* [WHAT NEEDS TO BE DONE]:
Omit the pictures found among the records and print everything else exactly as it stands.

* [RECORDS FOR THIS TASK]:
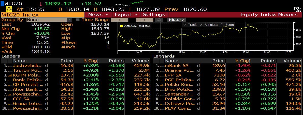 Spółki z indeksu WIG20. Źródło: Bloomberg
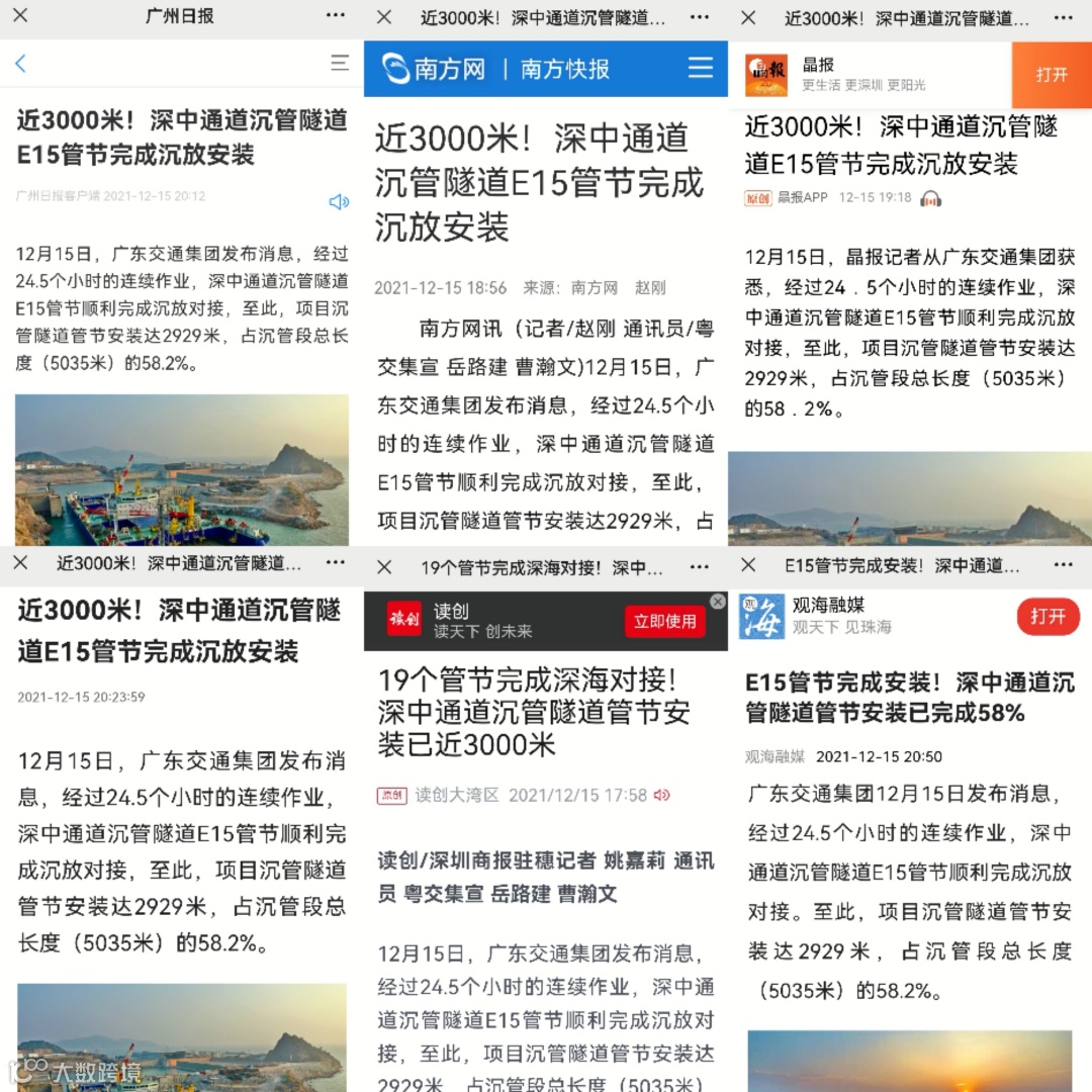 12月15日,经过24.5个小时的连续作业,深中通道沉管隧道E15管节顺利完成沉放对接。至此,
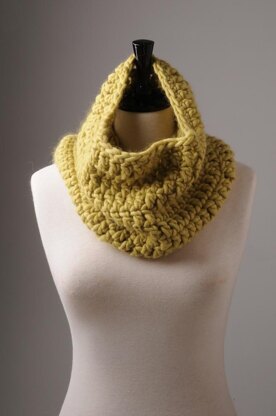 A completely basic, no frills, gorgeous crochet cowl. Suitable for a near beginner. This cowl is crocheted in the round so there is no messy sewing up and it tapers in slightly to keep nice and close to the neck. The pattern 2 skeins of Plump Superchunky.
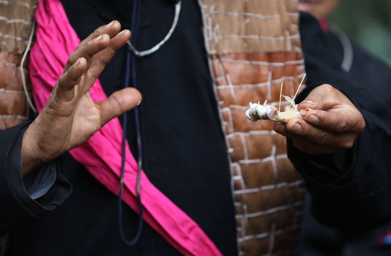 Cặp gà sau khi cúng thần sẽ được rút phần xương đùi và cắm hai chiếc tăm vào để “nghiên cứu”. Đây là nghi thức cuối cùng của buổi lễ để biết các vị thần có hài lòng với lễ cúng hay không.
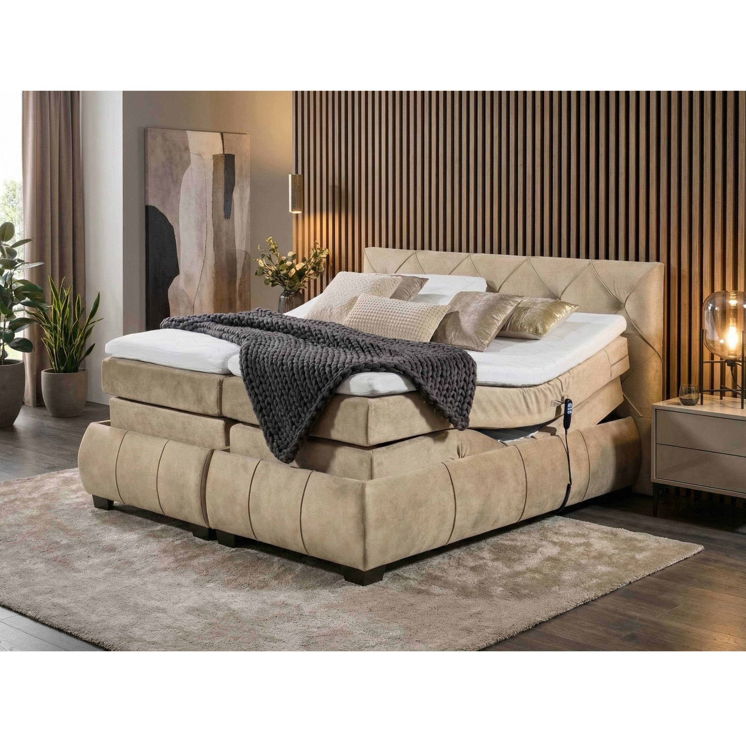 Polohovacia posteľ s matracom a topperom SALENA - béžová, 180x200 cm
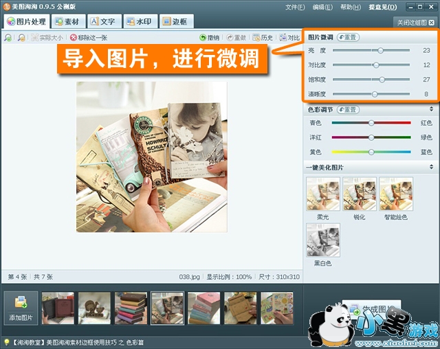 STEP1:首先导入图片,对图片进行微调。如图2所示,亮度、对比度等滑块选项,轻松拖动即可即时预览效果。
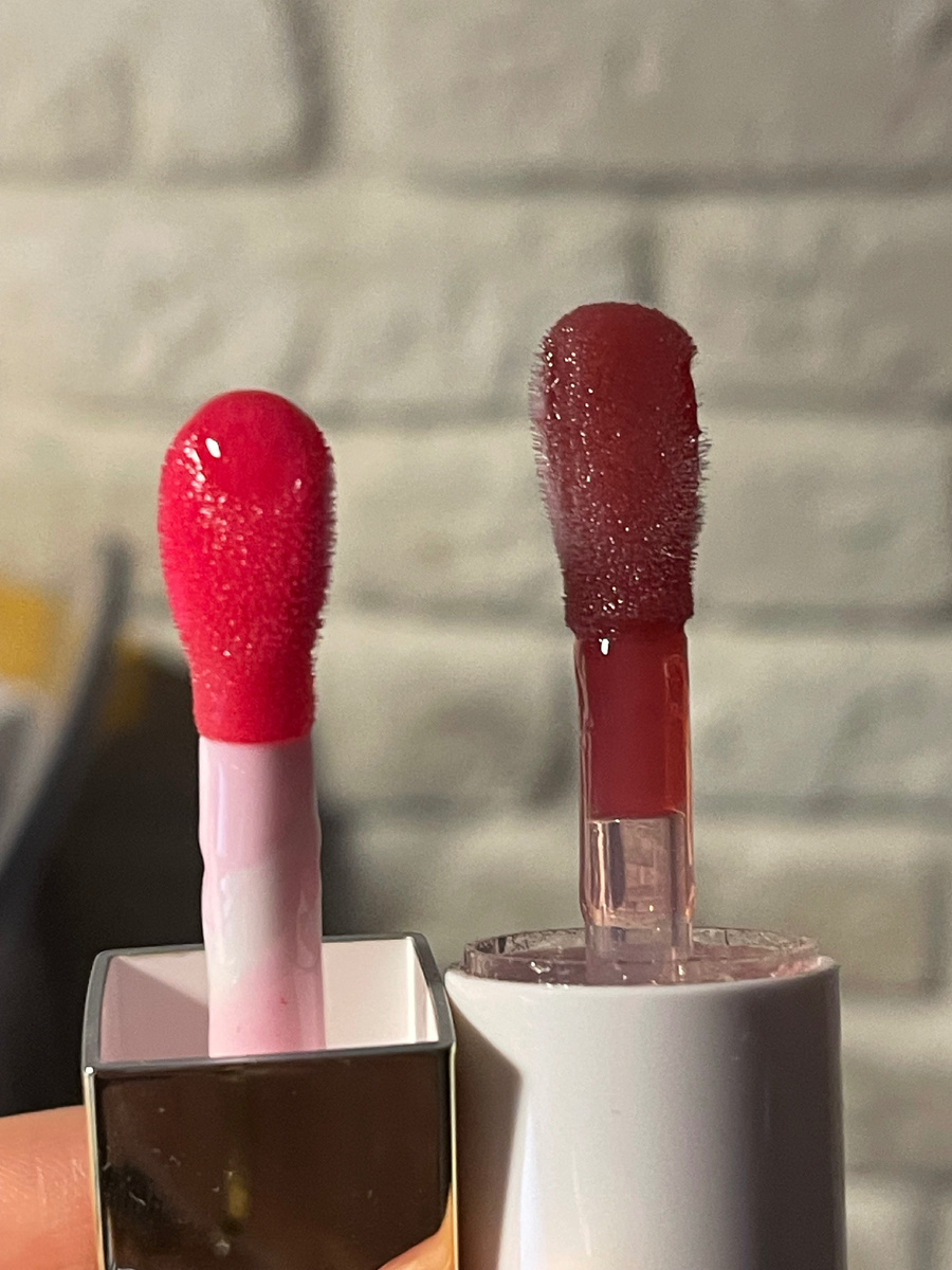 На обзоре питательное масло для губ от Летуаль fruit nectar. Упаковка самая бюджетная, небольшой флакончик из прозрачного пластика с откручивающейся белой крышкой на которой аппликатор в виде лапки, слизанный с масла Clarins, даже больше (на фото слева Clarins, справа Летуаль). Мне очень не нравится, что когда достаешь аппликатор-он плюется, доставать рекомендую очень аккуратно. А еще очень частая история, что колпачок отклеивается от аппликатора. У меня тон 03 berry, на губах смотрится не ярко и цвет не проявляется, всего 3 оттенка, есть прозрачный. Объем 4 мл. Похоже на клюквенный сироп. Оно немного липкое, но не противно, зеркальный блеск этим и достигается волосы могут прилипнуть (они ко всему липнут), губы между собой не слипаются,пахнет ягодками с химозностью. Ложится и носится комфортно. На губах смотрится красиво. Исходя из минусов желания повторять его нет, рекомендую бренду доработать упаковку и аромат, рекомендовать не могу, есть много достойных бюджетных продуктов, п
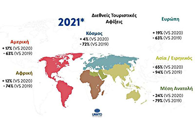 Ειδικότερα παγκοσμίως, οι διεθνείς αφίξεις τουριστών αυξήθηκαν κατά +4% το 2021 σε σχέση με το 2020, ωστόσο παρέμειναν -72% κάτω από τα επίπεδα του 2019.
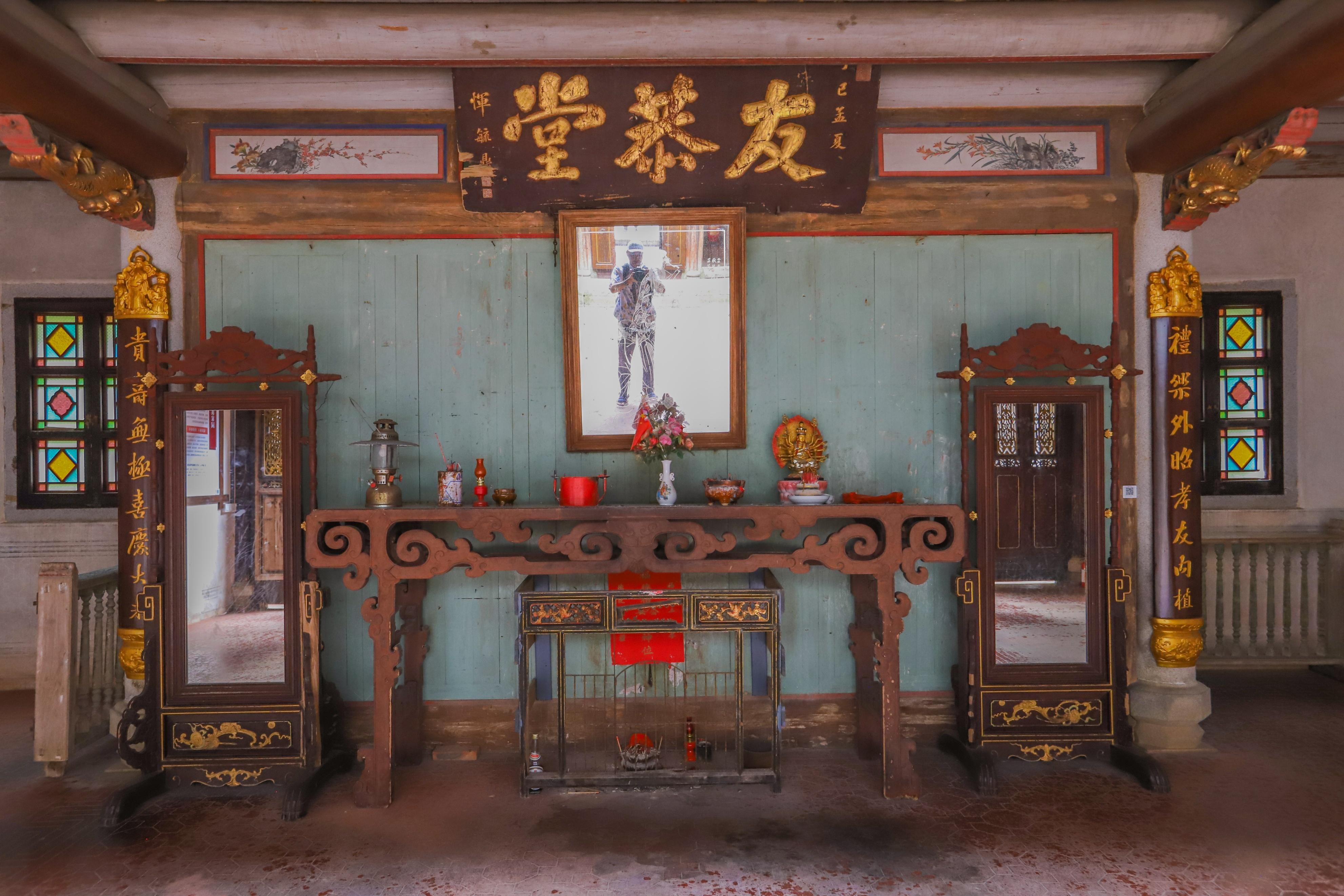 其次是,屋内装饰华美,既有精美绝伦的传统’四大名雕〞工艺(具体为石雕、木雕、瓷雕和彩塑),又有远自西洋的五彩玻璃等装潢技巧。

* [REPLY TO THE EXERCISE]:
 Spółki z indeksu WIG20. Źródło: Bloomberg
 12月15日,经过24.5个小时的连续作业,深中通道沉管隧道E15管节顺利完成沉放对接。至此,
 A completely basic, no frills, gorgeous crochet cowl. Suitable for a near beginner. This cowl is crocheted in the round so there is no messy sewing up and it tapers in slightly to keep nice and close to the neck. The pattern 2 skeins of Plump Superchunky.
 Cặp gà sau khi cúng thần sẽ được rút phần xương đùi và cắm hai chiếc tăm vào để “nghiên cứu”. Đây là nghi thức cuối cùng của buổi lễ để biết các vị thần có hài lòng với lễ cúng hay không.
 Polohovacia posteľ s matracom a topperom SALENA - béžová, 180x200 cm
 STEP1:首先导入图片,对图片进行微调。如图2所示,亮度、对比度等滑块选项,轻松拖动即可即时预览效果。
 На обзоре питательное масло для губ от Летуаль fruit nectar. Упаковка самая бюджетная, небольшой флакончик из прозрачного пластика с откручивающейся белой крышкой на которой аппликатор в виде лапки, слизанный с масла Clarins, даже больше (на фото слева Clarins, справа Летуаль). Мне очень не нравится, что когда достаешь аппликатор-он плюется, доставать рекомендую очень аккуратно. А еще очень частая история, что колпачок отклеивается от аппликатора. У меня тон 03 berry, на губах смотрится не ярко и цвет не проявляется, всего 3 оттенка, есть прозрачный. Объем 4 мл. Похоже на клюквенный сироп. Оно немного липкое, но не противно, зеркальный блеск этим и достигается волосы могут прилипнуть (они ко всему липнут), губы между собой не слипаются,пахнет ягодками с химозностью. Ложится и носится комфортно. На губах смотрится красиво. Исходя из минусов желания повторять его нет, рекомендую бренду доработать упаковку и аромат, рекомендовать не могу, есть много достойных бюджетных продуктов, п
 Ειδικότερα παγκοσμίως, οι διεθνείς αφίξεις τουριστών αυξήθηκαν κατά +4% το 2021 σε σχέση με το 2020, ωστόσο παρέμειναν -72% κάτω από τα επίπεδα του 2019.
 其次是,屋内装饰华美,既有精美绝伦的传统’四大名雕〞工艺(具体为石雕、木雕、瓷雕和彩塑),又有远自西洋的五彩玻璃等装潢技巧。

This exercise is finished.